Hoher Dom zu Paderborn
– Erntedank-

Der Erntedank gehört als fester Bestandteil in das Jahr. Am ersten Sonntag im Oktober feiert die Kirche in unserem Land das Erntedankfest. In vielen Gemeinden ist im Altarraum ein Erntekranz umgeben von Obst und Gemüse aufgebaut. Danke für die Gaben er Erde. Die Discounter-Supermarktgeneration versteht es vielleicht nicht, was dieser Dank denn in einer Gesellschaft soll, die schon lange keine Agragesellschaft mehr ist. Da wird doch sehr schnell deutlich, wie kurz das Gedächtnis der Menschen zuweilen ist. Es wird klar, wie oberflächlich die Betrachtung der Welt in einer Wohlstandsumgebung wird.

Noch ist es kaum drei Generationen her, da herrschte in diesem Land Hunger. Ob die verwöhnten Schnösel unserer Tage wissen, was das ist. Man kann es sich nicht vorstellen, wie das ist, eine leere Vorratskammer zu haben und sie nicht füllen zu können. Keine Dönerbude um die Ecke. Kein Lieferservice im Internet. Der hungrige Bauch bleibt hungrig. Und was man selber als Erwachsener schon schlecht wegsteckt, die Kinder und ihre flehenden Augen. Hunger tut weh! Er tut so richtig weh.

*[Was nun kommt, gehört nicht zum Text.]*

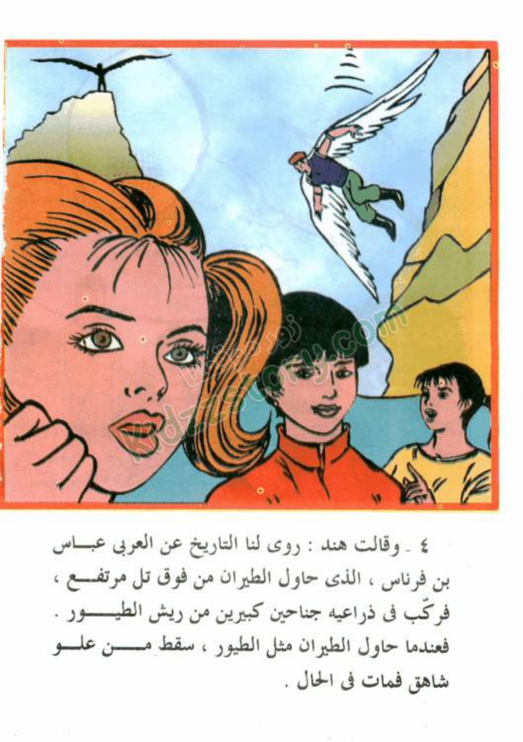 راح الأصدقاء في حديقة النادي يتحادثون فيما بينهم عن ذلك البالون الجميل. قالت نادية: “عندما حاول الإنسان الطيران مثل الطيور، كان المنطاد الخطوة الثانية في محاولاته.” وأضافت هند: “يروي لنا التاريخ عن العباسي عباس بن فرناس الذي حاول الطيران من فوق تل مرتفع، مستخدمًا جناحين كبيرين من ريش الطيور. وعندما حاول الطيران مثل الطيور، سقط من علو شاهق.”

Im Winter 1945/46 gingen viele Frauen aus dem Ruhrgebiet ins Münsterland, um dort Lebensmittel für die Familie zu erbetteln. Die Hamsterweiber nannte man sie. Meine Großmutter, deren Mann in russischer Gefangenschaft war, hielt mit ihren beiden noch jugendlichen Söhnen die kleine Landwirtschaft aufrecht. Der Großvater hatte noch in seinem letzten Feldpostbrief darum gebeten. Es war harte Arbeit, doch so mußten sie nicht hungern. Es gab keine Reichtümer und sie waren arm, so wie damals alle arm waren in den kleinen Landwirtschafts- und Fabrikdörfern im Münsterland.

Noch Jahre später erzählte die Großmutter von den schweren Jahren im Krieg und den Hungerjahren danach. Die Versorgung der Bevölkerung war zusammen gebrochen. Die Hamsterweiber standen immer wieder mal vor der Tür. „Ich hatte nicht immer was.“, mußte Großmutter eingestehen. Und schließlich hatte sie auch zwei heranwachsende Söhne. Manche Leute gaben den Hamsterweibern Kartoffelschalen. Daraus konnte man noch eine Suppe kochen. Nein, dann gab sie lieber zwei oder drei Kartoffeln und aß selber eine weniger. Und wenn nichts da war, so erzählte sie mir, ohne wenigstens ein Butterbrot zu machen, hat sie keine Frau von der Tür gehen lassen. Eine stille Heldin war sie, die von diesen Dingen, wenn überhaupt, immer nur sehr leise sprach und nur wenn man sie unter vier Augen erwischt und nachdrücklich fragte.

Erntedank war ebenso wie das Tischgebet für sie so selbstverständlich wie atmen. Dankbar zu sein, in den schweren Jahren nicht verhungert zu sein, machte immer noch sehr viel von ihrem Leben aus. Mit dem Brotmesser wurde vor dem Anschneiden ein Kreuz unter das Brot gezeichnet. Essen kam von Gott und man sah es als Geschenk, dem man seine eigenen Arbeit beigeben mußte. Für ein Geschenk bedankt man sich.

Darum hat man auch in einer Industriegesellschaft und in einer globalisierten Welt keinen Grund den Erntedank abzuschaffen. Darum ist es völlig verfehlt, den Erntedank irgendwie gutmenschlich, sozialistisch oder klimaideologisch politisieren zu wollen. Wer da etwas ändern will, soll in die Politik gehen.
In dem Moment, wo der Mensch vor der Ernte eines Jahres steht, hat er allen Grund dankbar zu sein. Dazu müßte man sich dann tatsächlich mal vor die Ernte stellen. Es reicht schon, einmal zu schauen, wie viele Wagen Getreide ein Bauer von einem Feld holt. Mal auszurechnen, wieviele Brote man daraus backen kann. Wie viele Menschen werden davon wie lange satt. Es geht eben nichts über sinnliche Wahrnehmung.

Sinnliche Wahrnehmung machen auch die, die Lebensmittel retten. Nicht jeder ist dazu berufen, von Bäcker zu Bäcker zu laufen und Brote zu retten oder auf dem Markt am Abend Gemüse einzusammeln. Doch die, die das tun, die Foodsaver haben den Sinn von Erntedank allemal verstanden.